Perhaps even more interesting than the above phenomena is that of predicting the behavior of human beings. Attempts to predict how people will behave have existed since the origins of humankind. Early humans had to trust their instincts. Today, marketers, politicians, trial lawyers and more make their living on predicting human behavior. Predicting human behavior, in all of its forms, is big business. So, how does mathematics do in predicting our own behavior in general? Despite advances in stock market analytics, economics, political polling and cognitive neuroscience – all of which ultimately endeavor to predict human behavior – science may never be able to do so with perfect certainty.

[...] As technology develops, scientists may find that we can predict human behavior rather well in one area, while still lacking in another. It's very difficult to give an overall sense of the limitations.

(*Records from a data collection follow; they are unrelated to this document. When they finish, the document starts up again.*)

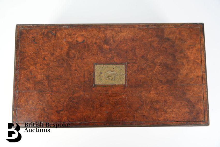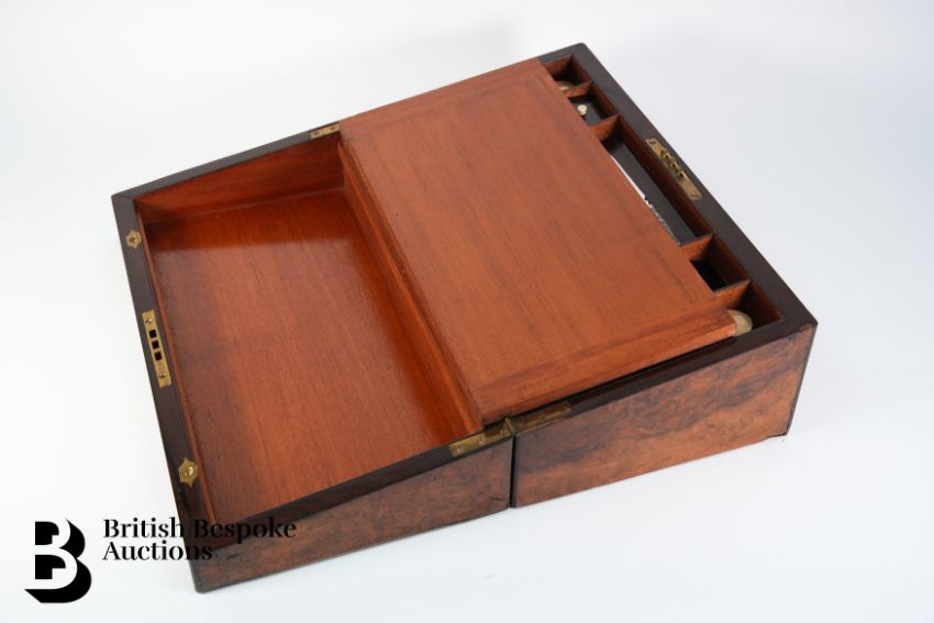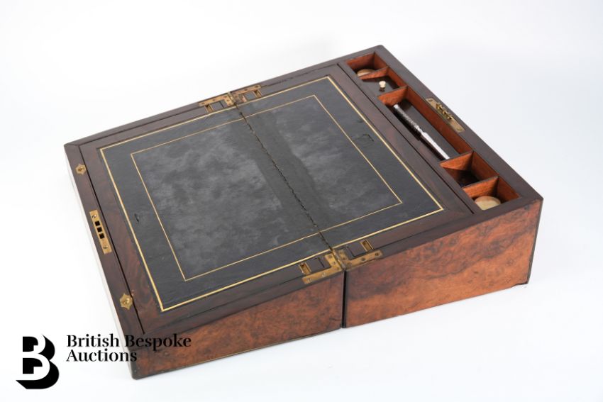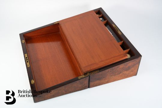 Burr walnut and rosewood veneer writing box, with black leather writing slope, complete with glass ink bottles, two more glass ink bottles and two bottles of brown ink, approx 45.5 x 24.5 x 17.5 cms.
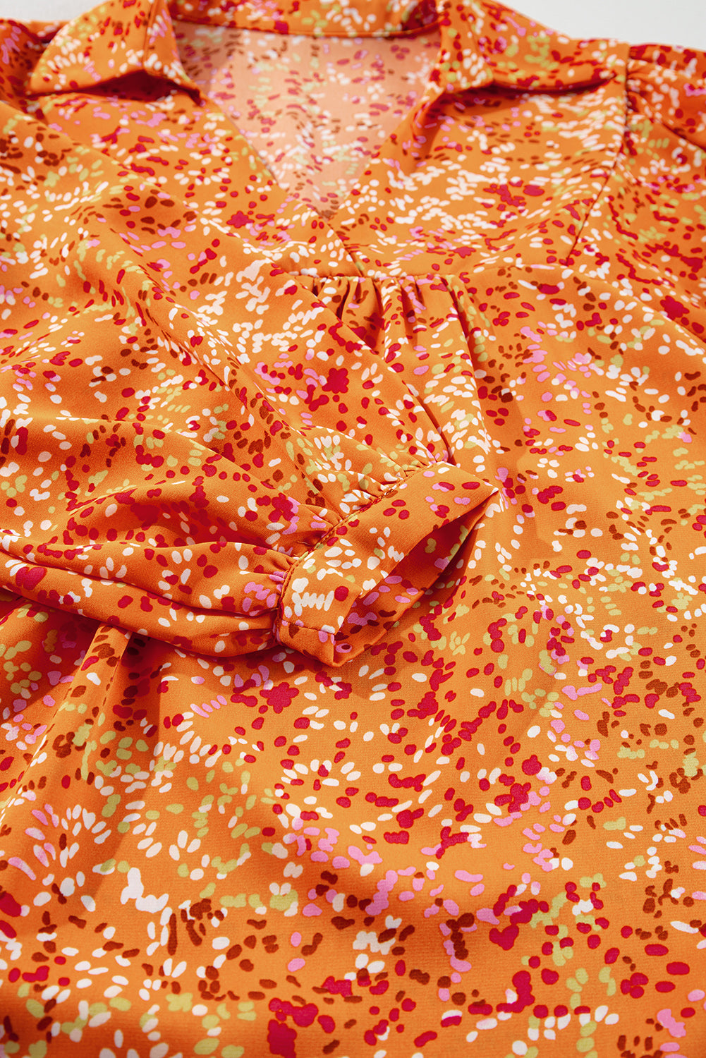 Orange Abstract Print Collared V Neck Babydoll Blouse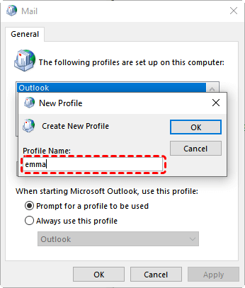 A corrupted Outlook profile is a common cause of the "Set of folders cannot be opened" error. Creating a new profile gives Outlook a fresh configuration without affecting your emails stored on the server (Exchange, Office 365, or IMAP accounts).
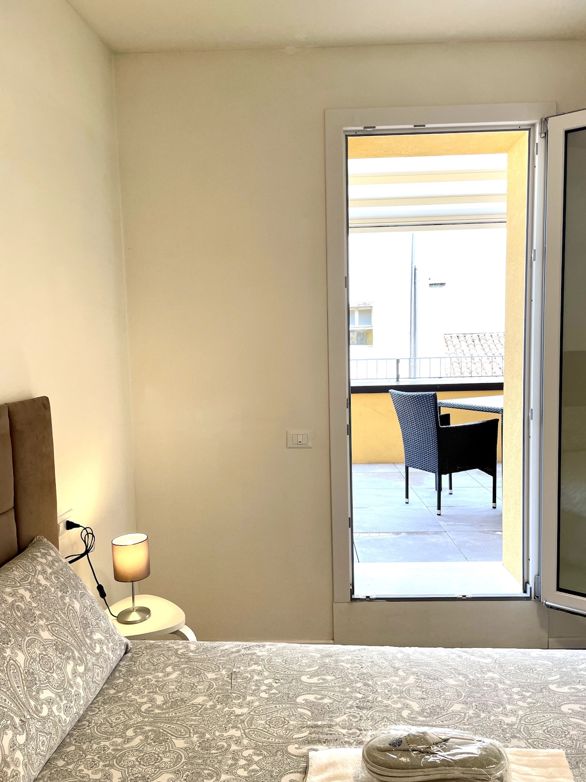 Our home is a bright and quiet apartment on the fourth floor. It is composed by a small entrance, a spacious sunny living room opening on a terrace, a fully equipped kitchen, a bedroom with a kingsize bed and a bathroom. You can relax in the terrace getting a spectacular views on Basilica of Sant'Antonio and Padova's rooftops. Also the location is great! Very close to the pedestrian area in the heart of Padova but also to the trade fair complex, to the Hospital and university areas.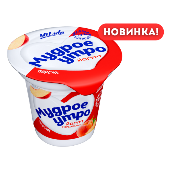 Состав: молоко нормализованное, полуфабрикат наполнитель фруктовый "Персик" асептического консервирования (персик быстрозамороженный, сахар, вода питьевая, стабилизатор - Е1442, ароматизаторы натуральные, краситель – Е160а, регулятор кислотности - Е331(iii)), сахар, молоко сухое обезжиренное, комплексная пищевая добавка (стабилизатор - Е1442, желатин пищевой, эмульгатор - Е471, стабилизаторы - Е440, Е412), закваска термофильных молочнокислых стрептококков и молочнокислой болгарской палочки.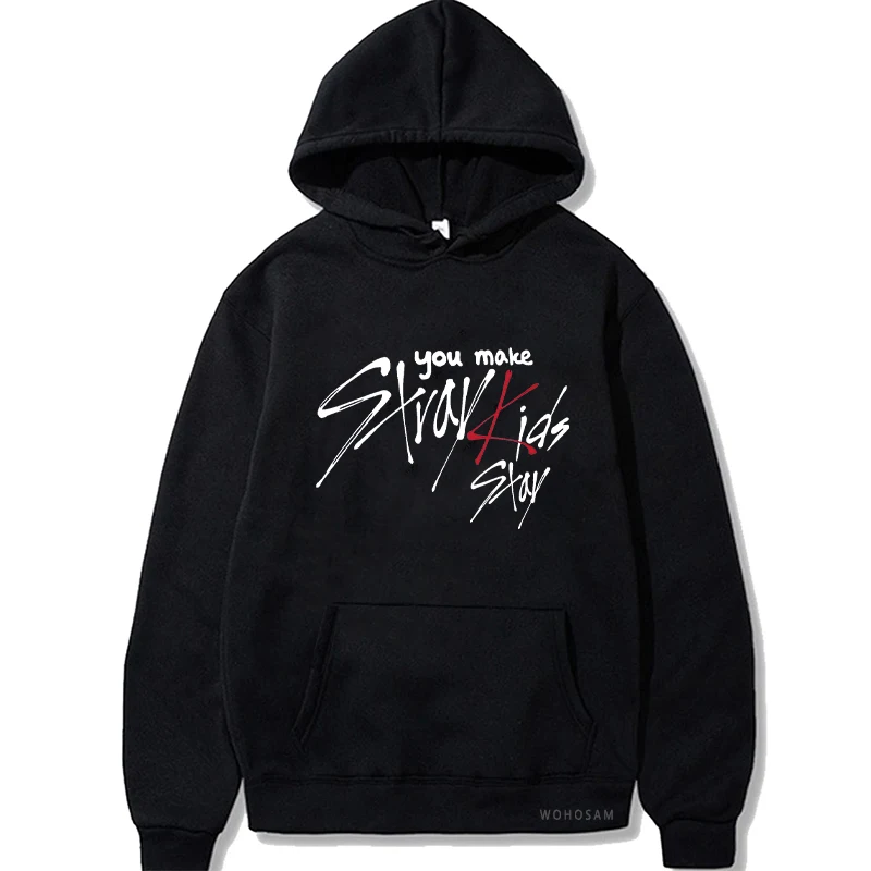 Детские толстовки с надписью You Make Straykids в Корейском стиле Харадзюку, женские поклонники, зимние толстовки большого размера с длинными рукавами в стиле пэчворк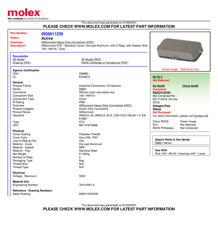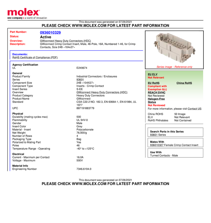 Złącze 936010329 MWE Industrial Solution szary Molex Zawartość: 1 szt.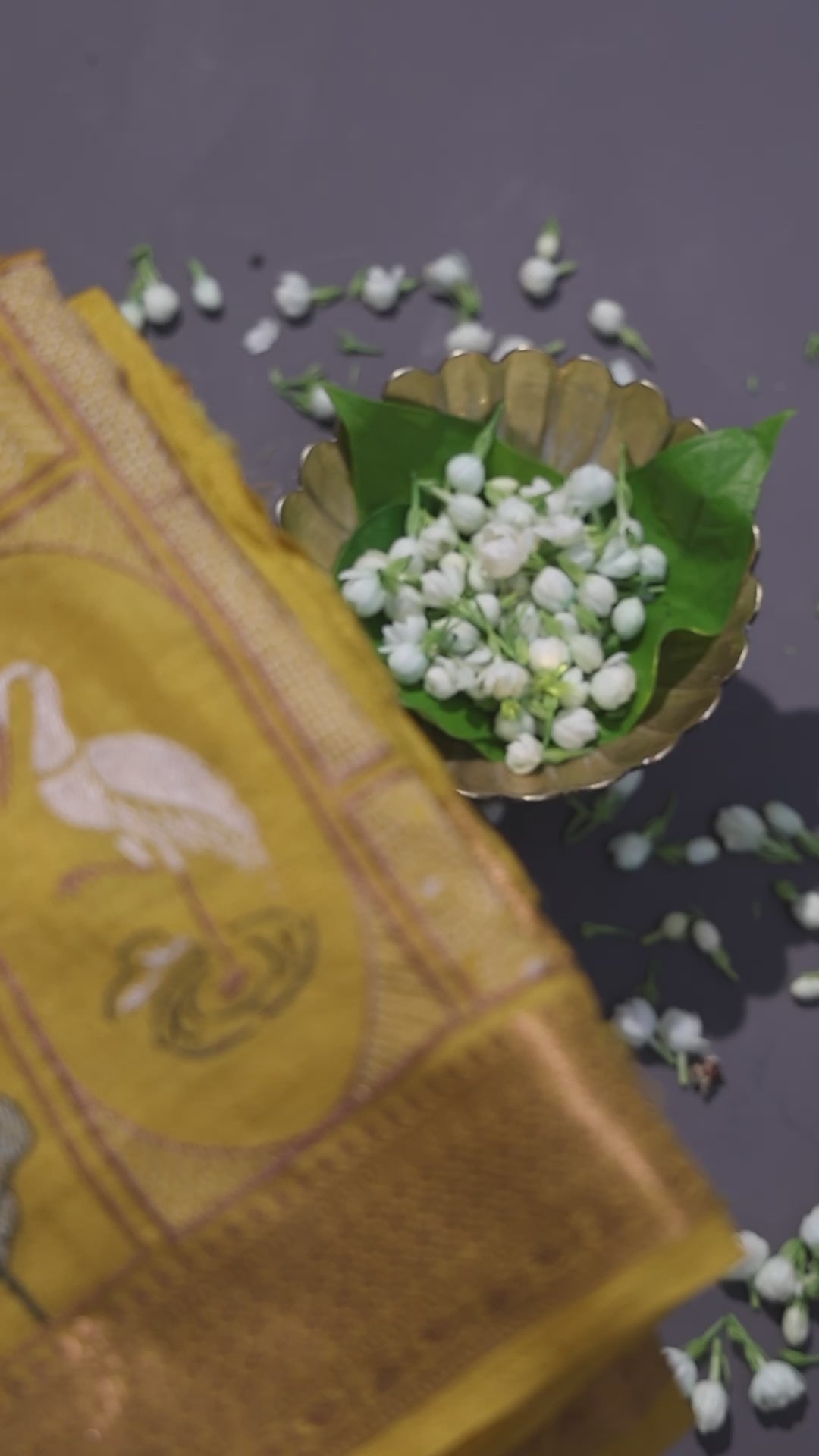 A super-stylish Dark Yellow Silk Saree with multicolor floral, lotus and stork embroidery all over. The border has traditional weave details. Comes with a matching blouse piece. Best for festive and wedding looks.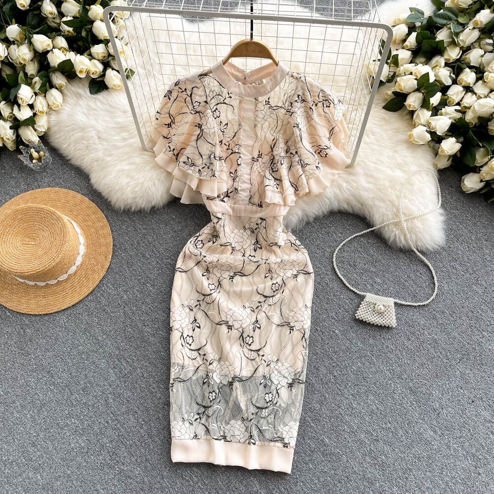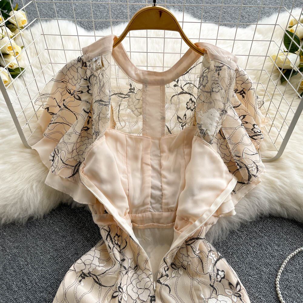 ワンピース デート ワンピドレス ミモレ ミモレ丈 袖あり 長袖 スリム タイト 細身 レース かわいい 大人可愛い きれいめ シンプル カジュアル 大人 上品 おしゃれ お洒落 主役級 存在感 春 秋 10代 20代 30代 レディース 女性用 OL 学生 デート お出かけ 公園デビュー 女子会 休日 イベント 旅行 着回し 普段使い ファッション コーデ 楽ちん モテ トレンド 流行 インスタ映え S M L アプリコット | Bonny Me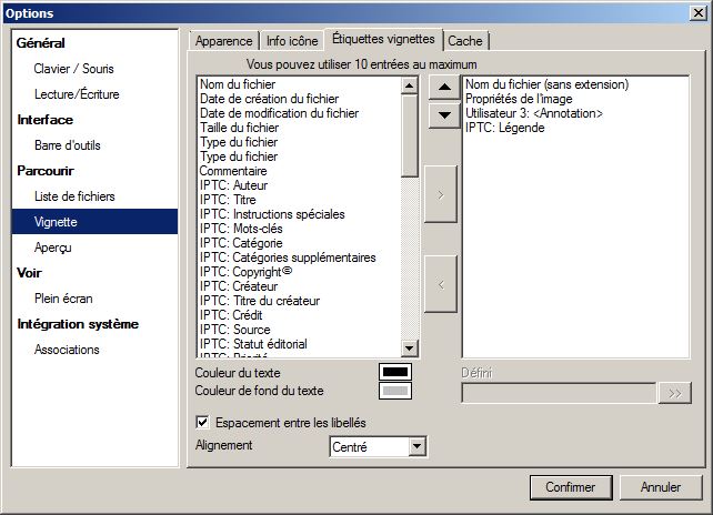 Options/Parcourir/Vignettes/Étiquettes vignettes comme indiqué

For instance, facial recognition may be easier to emulate because vision is one of many human sensory processing systems, or because there are only so many ways faces can differ. On the other hand, predicting voting behavior, especially based on the 2016 presidential election, is quite another story. There are many complex and not yet understood reasons why humans do what they do.

Still others argue that, theoretically at least, that perfect prediction will someday be possible. Until then, with any luck, mathematics and statistics may help us increasingly account for what people, on average, will do next.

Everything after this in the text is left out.